## Problem description
For this exercise, an exact copy is needed of only the lines from the one containing "上车之后,司机情绪暴躁,一直" through the end of the data, with pictures left out.
━━━ Given data ━━━
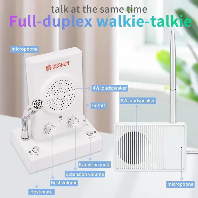 - Two-way intercom technologyDESHUN intercom system DS-2308 uses automatic two-way communication technology, without any operation can automatically identify voice signals, say goodbye to signal delay, can be real-time easy intercom, better experience.
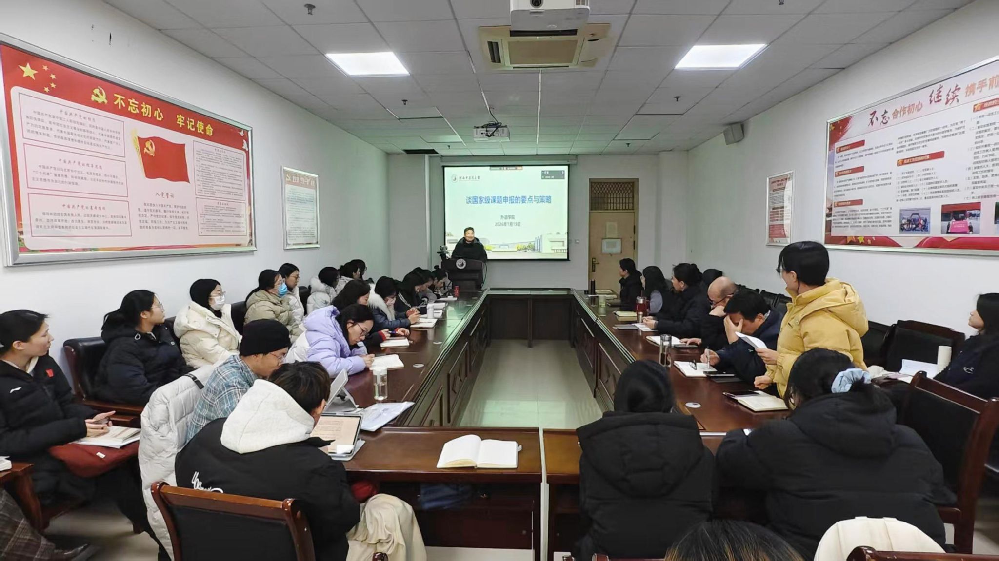 本网讯(文/马笑峰 图/胡志伟)2026年1月19日,由学校科学技术处主办、外语学院承办的“百家论坛”学术讲座在教学实验大楼A638会议室举办。本次活动特邀南京师范大学董晓波教授以“国家级课题申报的要点与策略”为题开展讲座。学院领导班子成员、全体教师及翻译硕士研究生以线上线下结合的方式参加,讲座由外语学院副院长李蕊主持。
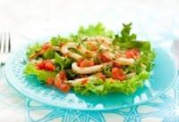 - تقطع كل قطعة من الكالمارى إلى نصفين ثم يتبل بالملح والكمون وعصير الليمون، ثم نقطع الكوسة والجزر.
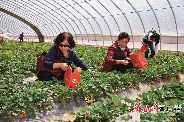 游客体验草莓采摘乐趣。
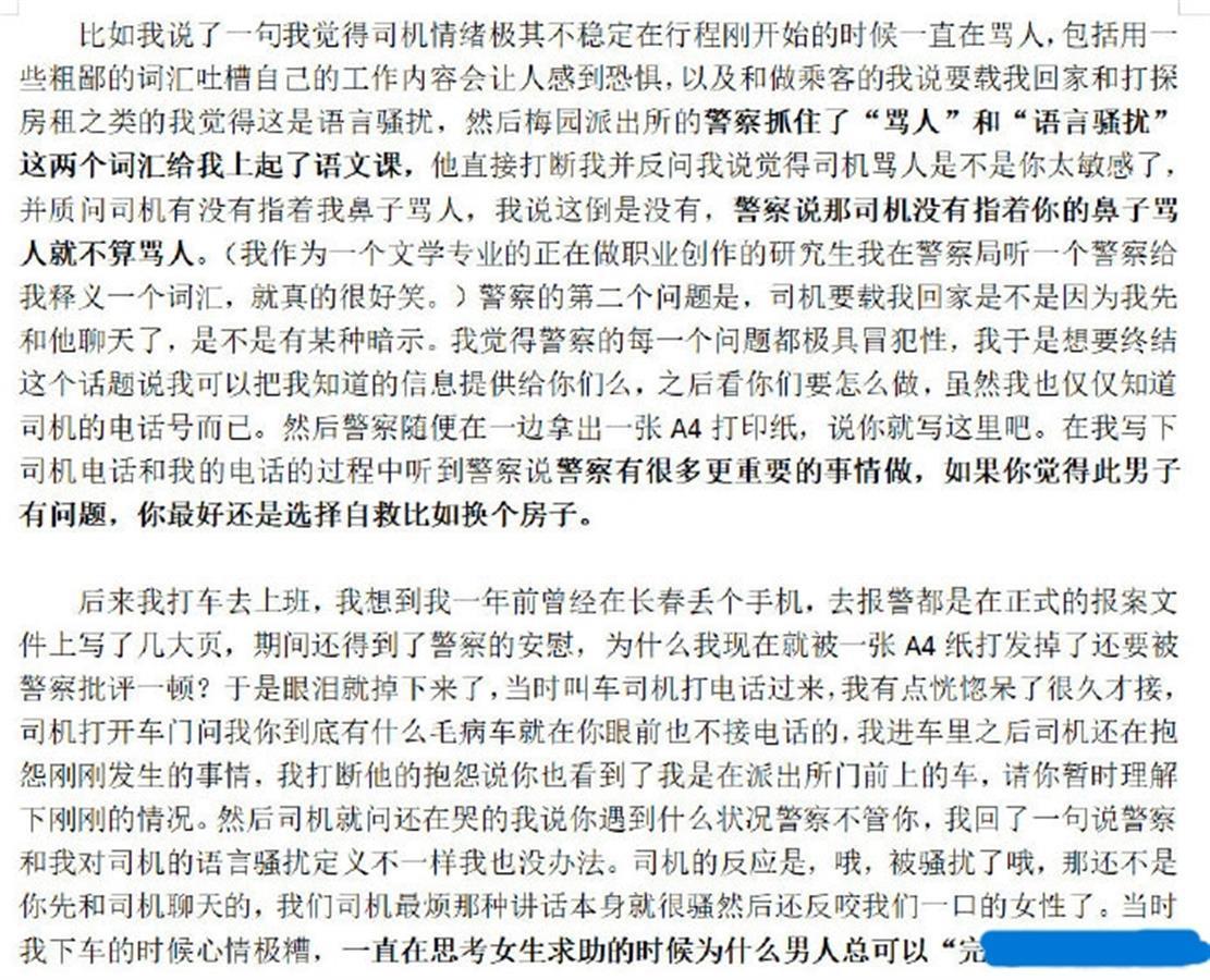 上车之后,司机情绪暴躁,一直在抱怨工作,并一直在爆粗口。中途,司机称自己开的车电量不足,希望刘女士先跟他回家换一辆开着顺手的车。刘女士拒绝之后,司机又开始打探她的房租金额和存款,这让她感到被冒犯。
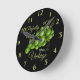 Aumente su ánimo y celebre su amor por la fruta con este reloj de uvas fresco y atractivo. El verde claro es un elemento destacado en este diseño. Para añadir un toque especial, cambie el texto y el color de fondo de este reloj.
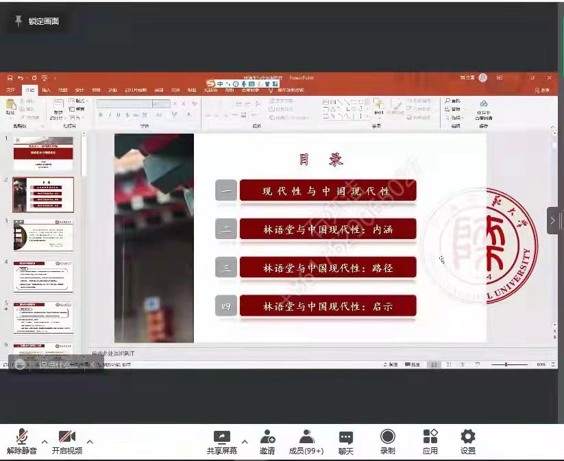 与谈人朱军教授首先对刘全国教授的学术演讲给予高度评价,认为报告内容丰富充实、议论精彩,从文学、美学、哲学、翻译和中国古典哲学思想等方面为大家进行多元现代性的林语堂研究提供了的启迪,在全球化时代具有多元意义。从文学发展史的角度反思,他认为30年代之后,像林语堂等经历欧美思想浸润的一批知识分子对中国本土文化的发掘和创新具有一定超越性。他非常赞同刘全国教授的观点:林语堂的文学书写不仅是中国文本,也是世界文本。
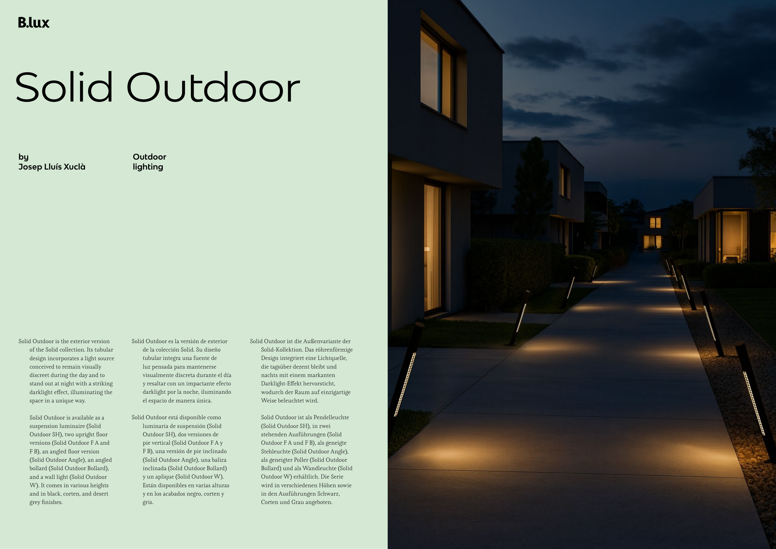 Bollard) und als Wandleuchte (Solid
━━━
## Your response
 上车之后,司机情绪暴躁,一直在抱怨工作,并一直在爆粗口。中途,司机称自己开的车电量不足,希望刘女士先跟他回家换一辆开着顺手的车。刘女士拒绝之后,司机又开始打探她的房租金额和存款,这让她感到被冒犯。
 Aumente su ánimo y celebre su amor por la fruta con este reloj de uvas fresco y atractivo. El verde claro es un elemento destacado en este diseño. Para añadir un toque especial, cambie el texto y el color de fondo de este reloj.
 与谈人朱军教授首先对刘全国教授的学术演讲给予高度评价,认为报告内容丰富充实、议论精彩,从文学、美学、哲学、翻译和中国古典哲学思想等方面为大家进行多元现代性的林语堂研究提供了的启迪,在全球化时代具有多元意义。从文学发展史的角度反思,他认为30年代之后,像林语堂等经历欧美思想浸润的一批知识分子对中国本土文化的发掘和创新具有一定超越性。他非常赞同刘全国教授的观点:林语堂的文学书写不仅是中国文本,也是世界文本。
 Bollard) und als Wandleuchte (Solid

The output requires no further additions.